The second strand

Recall Watson and Crick's discovery of the following secondary structure for DNA that was introduced in "Counting DNA nucleotides¹":

The DNA molecule is made up of two strands, running in opposite directions.
Each base bonds to a base in the opposite strand. Adenine always bonds with thymine, and cytosine always bonds with guanine. The complement of a base is the base to which it always bonds (see left figure below).
The two strands are twisted together into a long spiral staircase structure called a double helix (see right figure below).

Because genomic DNA is double-stranded, during sequence analysis we should examine both the given DNA string and its reverse complement.

Base pairing across the two strands of DNA.

The double helix of DNA on the molecular scale.

Assignment

Recall that in a DNA string $$s$$, the bases A and T are complements of each other, as are the bases C and G. Furthermore, the reverse complement of $$s$$ is the string $$s'$$ formed by reversing the symbols of $$s$$ and then taking the complement of each symbol (e.g., the reverse complement of GTCA is TGAC).
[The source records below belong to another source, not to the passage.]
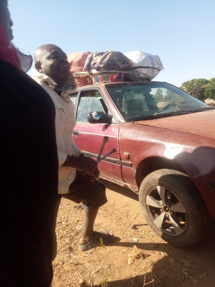 In Damakasuwa, Nigeria, a daylight scene features a dark-skinned male subject, mid-adult with a bald head, positioned beside the front passenger side of a maroon sedan. He is wearing a light-colored long-sleeved shirt and dark shorts, with a dark slide sandal visible on his left foot. He holds a silver cross-wrench in both hands, positioned near the vehicle's wheel. His mouth is slightly open, suggesting speech or an expression. The sedan, appearing aged with faded paint or rust, is heavily laden with various wrapped bundles of luggage or cargo secured to a roof rack. The front passenger wheel, equipped with multi-spoke alloy rims, is visible. A dark object, possibly another tool, lies on the dusty, arid ground near this wheel. Sparse dry vegetation is scattered across the ground. A partial view of a second individual, wearing dark clothing and a red head covering, is visible on the far left of the frame. The background shows a clear blue sky, with trees and rudimentary structures in the distance, consistent with a rural or semi-urban environment. The overall scene suggests a roadside tire-related maintenance activity.
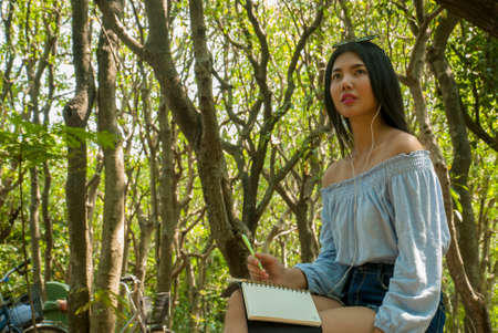 Woman relaxing with pen writing on a notebook sitting under a tree on grass in park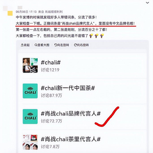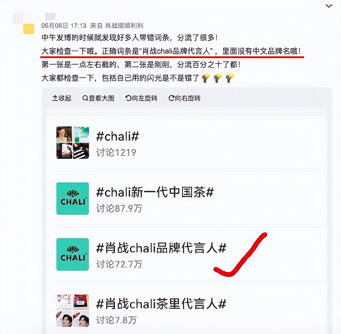不过就在当天,一位认证为肖战超话粉丝大咖的网友还曾细心的提醒网友“中午发博的时候就发现好多人带错词条,分流了很多!大家检查一下哦。正确词条是‘肖战chali品牌代言人’ ,里面没有中文品牌名哦!”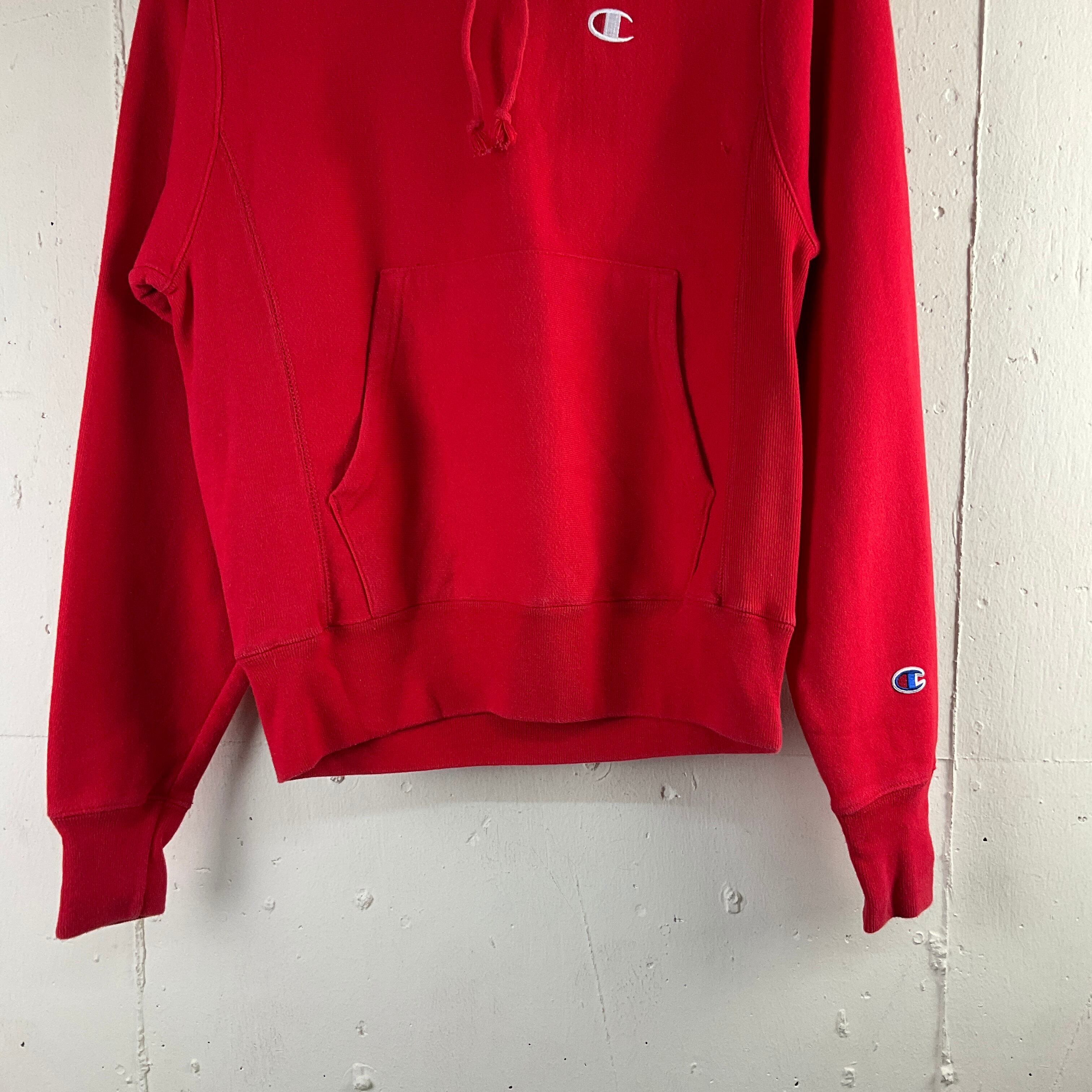 Champion チャンピオン リバースウィーブ REVERSE WEAVE スウェットパーカー フーディ 古着 ワンポイントロゴ刺繍 レッド 赤【f231113013】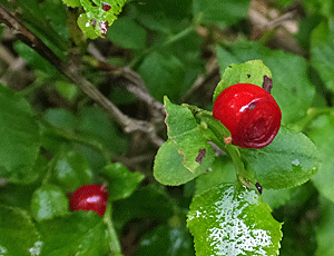カクミノスノキ:ツツジ科 角ばっては見えないが 実が赤いから |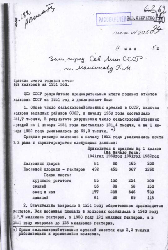 Краткие итоги годовых отчетов колхозов за 1951 год. 9 мая 1952 г.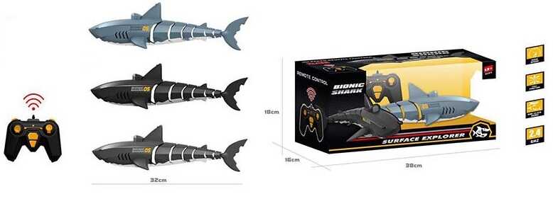 Акула на радіокеруванні 208001 (24) 3 види, плаває у воді, акумулятор 3.7 A, пульт 2.4 Ghz, викрутка зарядка, інструкція, запасні вентилі, в коробці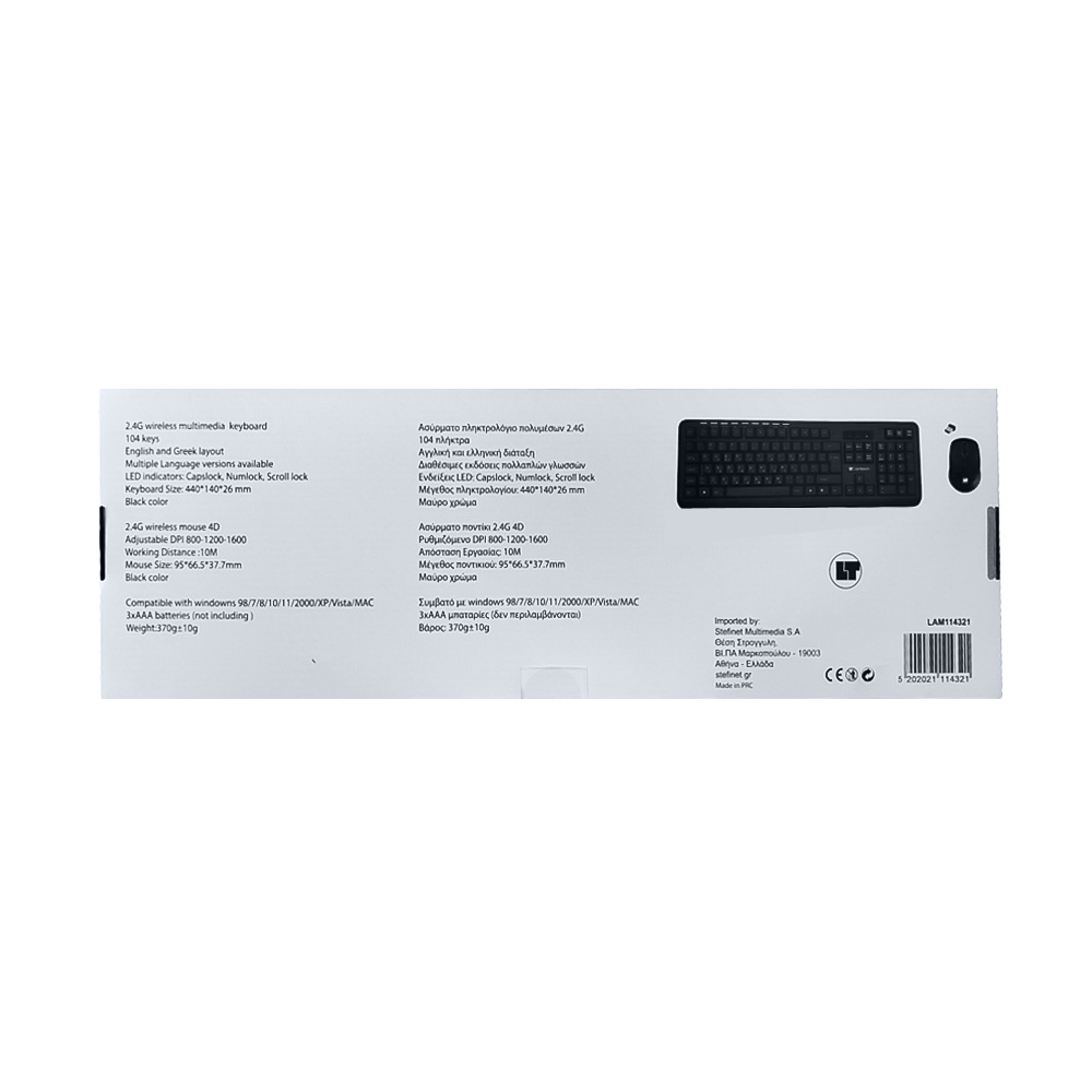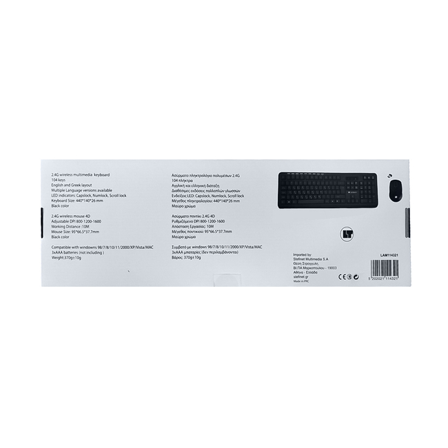 <strong>Σετ Ασύρματο Πληκτρολόγιο &amp; Ποντίκι 2.4G – Πολυγλωσσική Υποστήριξη  |   <span style="color: #3366ff;"><a style="color: #3366ff;" href="https://drive.google.com/file/d/1HA-UWHWIslgAzPr25Gm0rCabhpJqlTtV/view?usp=sharing" target="_blank" rel="noopener">EU ΔΗΛΩΣΗ ΣΥΜΜΟΡΦΩΣΗΣ</a></span></strong>Αναβαθμίστε την εμπειρία εργασίας σας με το πλήρες σετ ασύρματου πληκτρολογίου και ποντικιού 2.4G. Κατάλληλο για καθημερινή χρήση στο σπίτι ή το γραφείο, προσφέρει εργονομικό σχεδιασμό, ακρίβεια και άνεση.<strong>Χαρακτηριστικά Πληκτρολογίου:</strong><ul> <li><strong>Διάταξη:</strong> 104 πλήκτρα με υποστήριξη Αγγλικής και Ελληνικής γλώσσας, καθώς και επιλογή πολλαπλών γλωσσών.</li> <li><strong>Ενδείξεις LED:</strong> Ενημερωθείτε εύκολα για τις λειτουργίες Caps Lock, Num Lock και Scroll Lock.</li> <li><strong>Μέγεθος:</strong> Συμπαγές και κομψό, διαστάσεων 440 x 140 x 26 mm.</li> <li><strong>Σχεδιασμός:</strong> Μαύρο χρώμα για μοντέρνα και διακριτική εμφάνιση.</li></ul><strong>Χαρακτηριστικά Ποντικιού:</strong><ul> <li><strong>Τεχνολογία 2.4G 4D:</strong> Προσφέρει σταθερή ασύρματη σύνδεση με απόσταση εργασίας έως 10 μέτρα.</li> <li><strong>Ρυθμιζόμενο DPI:</strong> Επιλέξτε μεταξύ 800, 1200 και 1600 DPI για ακρίβεια ανάλογα με τις ανάγκες σας.</li> <li><strong>Μέγεθος:</strong> Εργονομικός σχεδιασμός, διαστάσεων 95 x 66.5 x 37.7 mm.</li> <li><strong>Σχεδιασμός:</strong> Μαύρο χρώμα για επαγγελματική αισθητική.</li></ul><strong>Γενικά Χαρακτηριστικά:</strong><ul> <li><strong>Συμβατότητα:</strong> Λειτουργεί άψογα με Windows 98/7/8/10/11/2000/XP/Vista και MacOS.</li> <li><strong>Μπαταρίες:</strong> Λειτουργεί με 3xAAA μπαταρίες (δεν περιλαμβάνονται).</li> <li><strong>Βάρος Σετ:</strong> 370g ±10g.</li></ul>Το ιδανικό σετ για επαγγελματίες και λάτρεις της τεχνολογίας που αναζητούν ποιότητα και άνεση στην εργασία ή την ψυχαγωγία.Ασύρματο πληκτρολόγιο πολυμέσων 2.4G104 πλήκτραΑγγλική και ελληνική διάταξηΔιαθέσιμες εκδόσεις πολλαπλών γλωσσώνΕνδείξεις LED: Capslock, Numlock, Scroll lockΜέγεθος πληκτρολογίου: 440*140*26 mmΜαύρο χρώμαΑσύρματο ποντίκι 2.4G 4DΡυθμιζόμενο DPI 800-1200-1600Απόσταση Εργασίας: 10MΜέγεθος ποντικιού: 95*66.5*37.7mmΜαύρο χρώμαΣυμβατό με windows 98/7/8/10/11/2000/XP/Vista/MAC3xAAA μπαταρίες (δεν περιλαμβάνονται)Βάρος: 370g±10g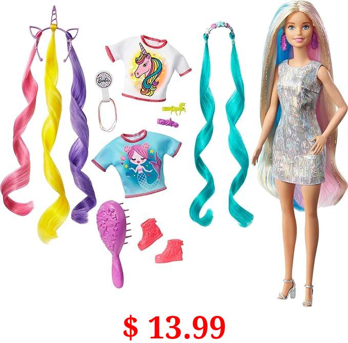 $ 13.99 Barbie Fantasy Hair Doll & Accessories, Long Colorful Blonde Hair with Mermaid & Unicorn-Inspired Clothes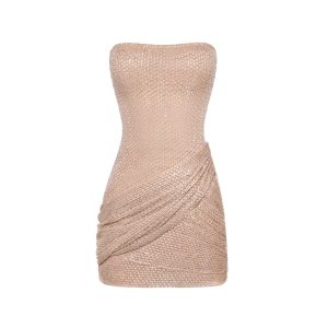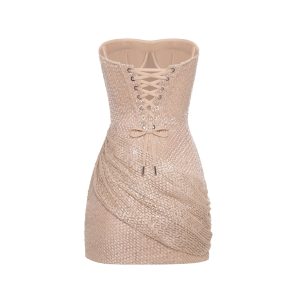 Lace beige short dress that sculpts an hourglass silhouette with precise draping around the hips, creating the illusion of fuller curves. Fully hand-embroidered with sequins, it catches the light beautifully — the perfect piece to shine through your holiday nights.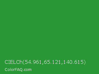 CIELCh 54.961,65.121,140.615 Color is a normal green color and the nearest color is Forest Green #228b22. Hex code #2a9736 and RGB value is rgb(42,151,54). In RGB color space, this color is composed of 16% red, 59% green, 21% blue, In CMYK color space, this color is composed of 72% cyan, 0% magenta, 64% yellow , 41% black , In HSL color space, this color has a hue angle of 127° , 56% saturation and 38% lightness.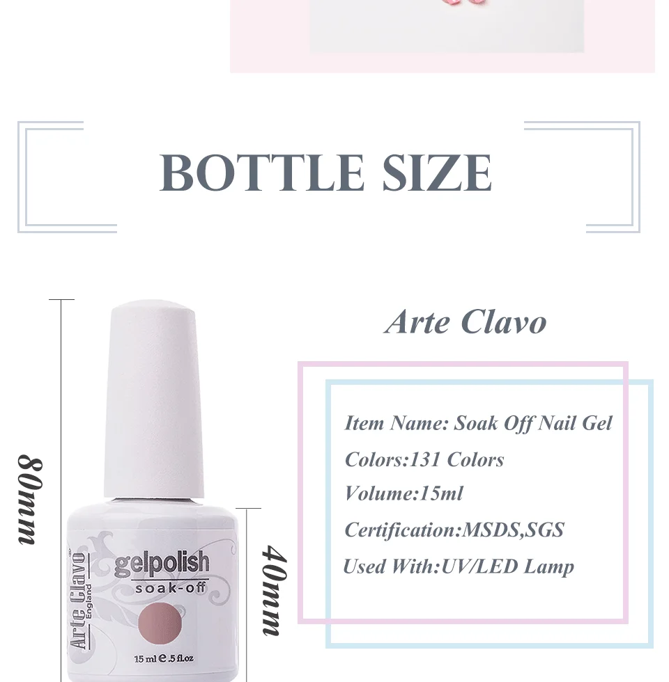 Arte Clavo 15 мл Розовый Цвет Гель-лак УФ светодиодный Гель-лак для ногтей отмачиваемый Гель-лак для ногтей Гель-лак для маникюра Гель-лак для ногтей арт-салон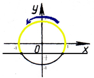 Шаг4. Для того чтобы выбрать число, соответствующее второму концу выделенной дуги, «пройдем» по этой дуге из названного конца к другому против часовой стрелки, учитывая, что числа, которые мы будем проходить, увеличиваются. Запишем число, которое изображается на единичной окружности вторым концом отмеченной дуги

A DNA string is called palindromic if it matches its reverse complement. Your task:

Write a function isPalindrome that takes a DNA string. The function must return a Boolean value that indicates whether or not the given DNA string is palindromic.
Write a function palindromes that takes the location of a FASTA file. The function must return an integer that indicates how many DNA strings in the given FASTA file are palindromic.

Example

In the following interactive session, we assume the FASTA file data.fna² to be located in the current directory.

        >>> isPalindrome('GATCGATGGGCCTATATAGGATCGAAAATCGC')
False
>>> isPalindrome('ATAT')
True
>>> isPalindrome(Seq('GCATA', IUPAC.unambiguous_dna))
False

>>> palindromes('data.fna')
1

Programming shortcut

BioPython can also be used to take the reverse complement of a DNA string locally. Specifically, the complement() and reverse_complement() methods associated with Seq objects are suitable for this problem.

        >>> from Bio.Seq import Seq
>>> from Bio.Alphabet import IUPAC
>>> seq = Seq('GATCGATGGGCCTATATAGGATCGAAAATCGC', IUPAC.unambiguous_dna)
>>> seq
Seq('GATCGATGGGCCTATATAGGATCGAAAATCGC', IUPACUnambiguousDNA())
>>> seq.complement()
Seq('CTAGCTACCCGGATATATCCTAGCTTTTAGCG', IUPACUnambiguousDNA())
>>> seq.reverse_complement()
Seq('GCGATTTTCGATCCTATATAGGCCCATCGATC', IUPACUnambiguousDNA())

The IUPAC.unambiguous_dna argument specifies that we are using the alphabet {A, C, G, T} and are not including the additional ambiguity symbols provided by IUPAC notation.

The EMBOSS package³ contains a program revseq⁴ that can be used to compute the reverse complement of a given DNA string.